We all need someone to lead us back from despair. That person that brought you back to joy. The person that listened to you, loved on you, enabled you to step back and take the long view – to see the bigger picture perspective of your life? When grief takes one arm to become a constant companion, we give thanks for those that take hold of the other, to walk alongside us, hold us up and walk us and our grief, towards joy again. Elizabeth does that for Mary. In the six verses we read today of Mary’s arrival, Mary is strangely silent. She has plenty to say to the angel, and next week we’ll hear her declare her faith again, but in her reality of rejection and fear she is silent.

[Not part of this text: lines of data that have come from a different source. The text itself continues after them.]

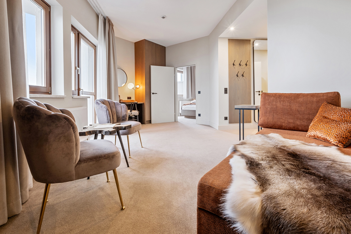 Mansarde 5 - 38 m² - izba s manželskou posteľou, menšia izba s 2 samostatnými lôžkami v neuzatvorenom poschodí prístupnom po schodoch, obývacia izba s rozkladacím gaučom pre 1 osobu, sociálne zariadenie s vaňou, oddelené WC, balkón; izbu je možné obsadiť najmenej 2 dospelými osobami a 2 deťmi; izby neodporúčame pre rodiny s deťmi do 4 rokov (kvôli schodom)
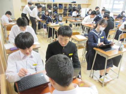 5月1日(水)教育相談中の自習 公開日 2024/05/01 更新日 2024/05/01 3年生 学年集会の後、時間が少しあったので、自習をしながら一人一人の教育相談を行いました。 待っている間、クロムブックを使ってドリル学習をしたり、教育版桃鉄で日本各地を学習したりして時間を有効に使っていました。
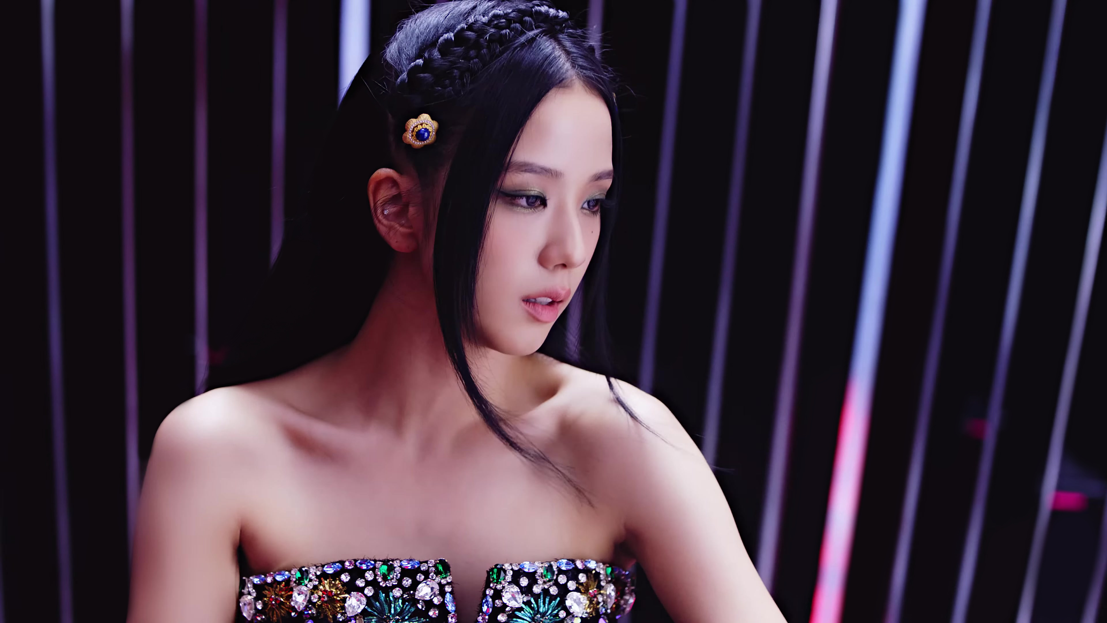 Description: A woman with a flower in her hair looking at her cell phone while wearing a strapless top and a flower in her hair.

She only learns to sing again because of Elizabeth’s joy. She is reminded of her place in the family of all things, in the integral story of faith.
And so in this Christmas time, give thanks for those that walk alongside you. Give thanks for those who listened and comforted, give thanks for they were secretly changing you. Teaching you. Of how to bring joy to others’ lives. For we are called to share this journey from despair to joy together. It may not happen as quickly as six short verses, but it will happen. This is the power and promise of Christmas, the blessing of hope that comes with the advent of God. As poet Mary Oliver reminds us:

Wild Geese
You do not have to be good.
You do not have to walk on your knees
for a hundred miles through the desert, repenting.

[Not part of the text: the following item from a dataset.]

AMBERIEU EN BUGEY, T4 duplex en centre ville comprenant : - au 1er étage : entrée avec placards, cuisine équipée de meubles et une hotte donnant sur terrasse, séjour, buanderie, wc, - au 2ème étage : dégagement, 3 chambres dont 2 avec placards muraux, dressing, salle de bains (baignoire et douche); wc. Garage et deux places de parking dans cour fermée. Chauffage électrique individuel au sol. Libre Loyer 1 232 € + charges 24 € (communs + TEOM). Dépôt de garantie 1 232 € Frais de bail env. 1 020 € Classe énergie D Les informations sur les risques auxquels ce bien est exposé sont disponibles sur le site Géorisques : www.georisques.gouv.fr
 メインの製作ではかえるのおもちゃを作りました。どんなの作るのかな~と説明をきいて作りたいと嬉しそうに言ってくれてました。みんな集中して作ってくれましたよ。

You only have to let the soft animal of your body
love what it loves.
Tell me about despair, yours, and I will tell you mine.
Meanwhile the world goes on.
Meanwhile the sun and the clear pebbles of the rain
are moving across the landscapes, over the prairies and the deep trees,
the mountains and the rivers.
Meanwhile the wild geese, high in the clean blue air,
are heading home again.
Whoever you are, no matter how lonely,
the world offers itself to your imagination,
calls to you like the wild geese, harsh and exciting– over and over announcing your place
in the family of things.

One Comment

  1. Anne created a beautiful setting with all the red poinsettas this morning. Several highlights for me were in song–the wonderful upbeat of “Somebody Build a Manger” with the four singers and a special postlude from Alison. Thank you all–so many contribute to making it all happen.